Machine Learning-Aided Band Gap Engineering of BaZrS3 Chalcogenide Perovskite

ACS Appl Mater Interfaces. 2023 Apr 19;15(15):18962-18972. doi: 10.1021/acsami.3c00618. Epub 2023 Apr 4.

Abstract

The non-toxic and stable chalcogenide perovskite BaZrS3 fulfills many key optoelectronic properties for a high-efficiency photovoltaic material. It has been shown to possess a direct band gap with a large absorption coefficient and good carrier mobility values. With a reported band gap of 1.7-1.8 eV, BaZrS3 is a good candidate for tandem solar cell materials; however, its band gap is significantly larger than the optimal value for a high-efficiency single-junction solar cell (∼1.3 eV, Shockley-Queisser limit)─thus doping is required to lower the band gap. By combining first-principles calculations and machine learning algorithms, we are able to identify and predict the best dopants for the BaZrS3 perovskites for potential future photovoltaic devices with a band gap within the Shockley-Queisser limit.

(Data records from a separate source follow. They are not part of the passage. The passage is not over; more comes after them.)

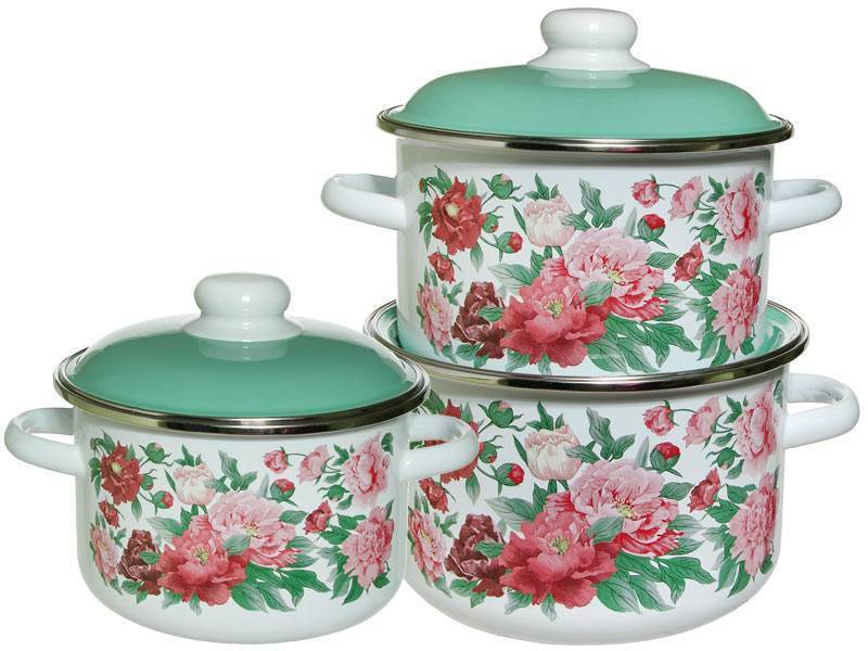 Произведено в России на предприятии «Стальэмаль» с соблюдением ГОСТ. Набор подходит для ежедневного использования в семьях из 3-5 человек. Идеальный выбор для приготовления первых и вторых блюд, кипячения воды и длительного хранения продуктов.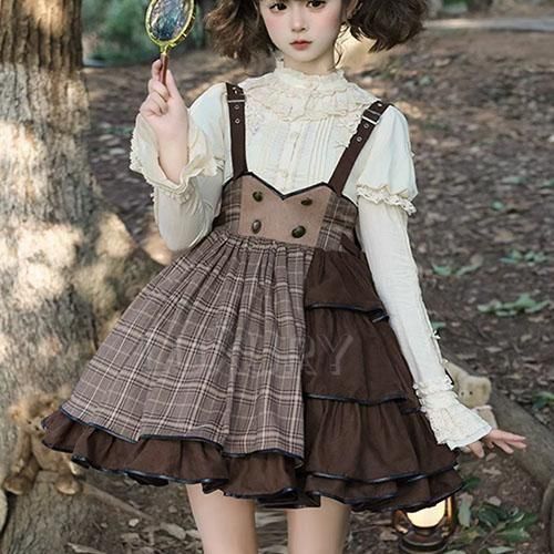ロリータファッション パンク サスペンダー付きスカート+ブラウス 2点セット チェック柄 探偵風 童話風 ミニ丈 ショート丈 膝上 長袖 レース ガーリー スウィート 普段着 デイリー レディース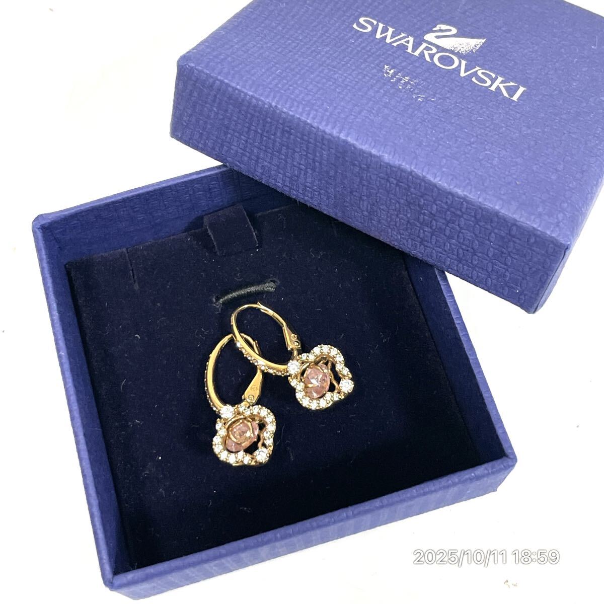 > SWAROVSKI スワロフスキー 四葉モチーフ ゴールドカラーボディ ゆらゆら ピアス イヤリング アクセサリー 装飾品 箱付き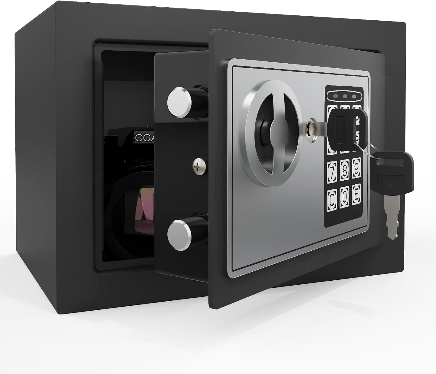 - ✅【Enhanced Security】Our safe box is built with high-strength SPCC steel, featuring a reinforced thick door, two 20mm bolts, and concealed pry-resistant hinges. This combination ensures superior durability and reliable protection for your most valuable belongings.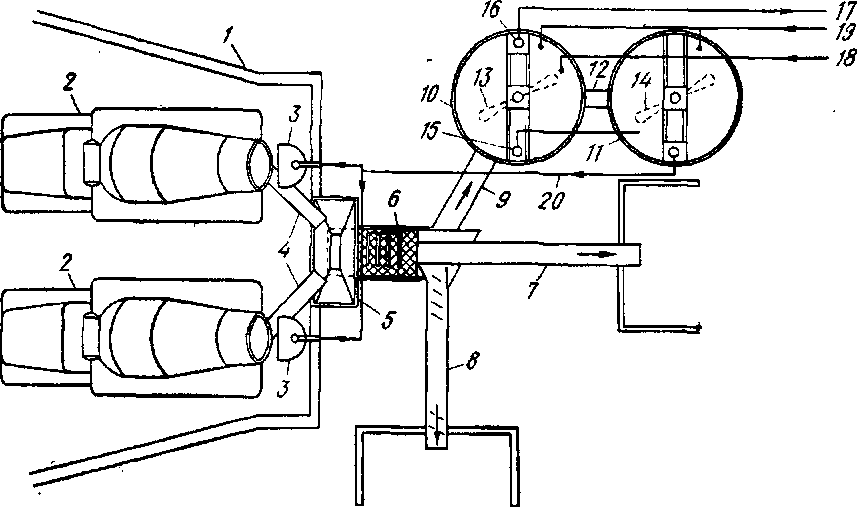 В резервуарах 10, 11 имеются мешалки 13, 14, насос для перекачки взвеси 16 и трубопровод 17, ведущий к участку производства бетона, а также линия возврата взвеси 18 и линия подачи воды 19, имеющая выход в каждую из емкостей.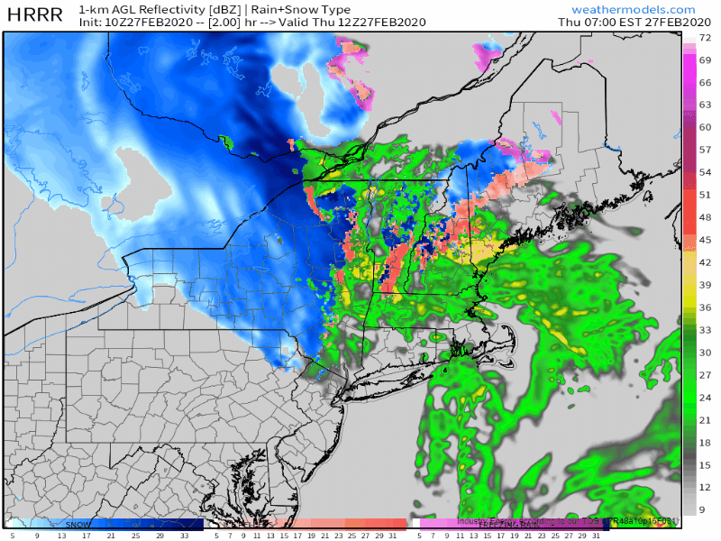 This simulated radar loop from the HRRR highlights the rapid forward motion of this system. Most of the precip in any given area will fall over a roughly 6 hour period. For the coast and southern foothills, this means a period of moderate to possibly heavy rain. While some ponding on roads is possible, I don’t see any major impacts from the warm side of this system. For the mountains, this heavy precipitation means extremely high snowfall rates possibly in excess of 2″ per hour at times this morning. Be sure to take it easy out on the roads if your plans take you into the hills north of route 2 this morning.

It is found that the Ca dopant at the Ba site or Ti dopant at the Zr site is the best candidate dopant. Based on this information, we report for the first time partial doping at the Ba site in BaZrS3 with Ca (i.e., Ba1-xCaxZrS3) and compare its photoluminescence with Ti-doped perovskites [i.e., Ba(Zr1-xTix)S3]. Synthesized (Ba,Ca)ZrS3 perovskites show a reduction in the band gap from ∼1.75 to ∼1.26 eV with <2 atom % Ca doping. Our results indicate that for the purpose of band gap tuning for photovoltaic applications, Ca-doping at the Ba-site is superior to Ti-doping at the Zr-site reported previously.

Keywords: BaZrS3 films; band gap engineering; density functional theory; machine learning; random forest regression.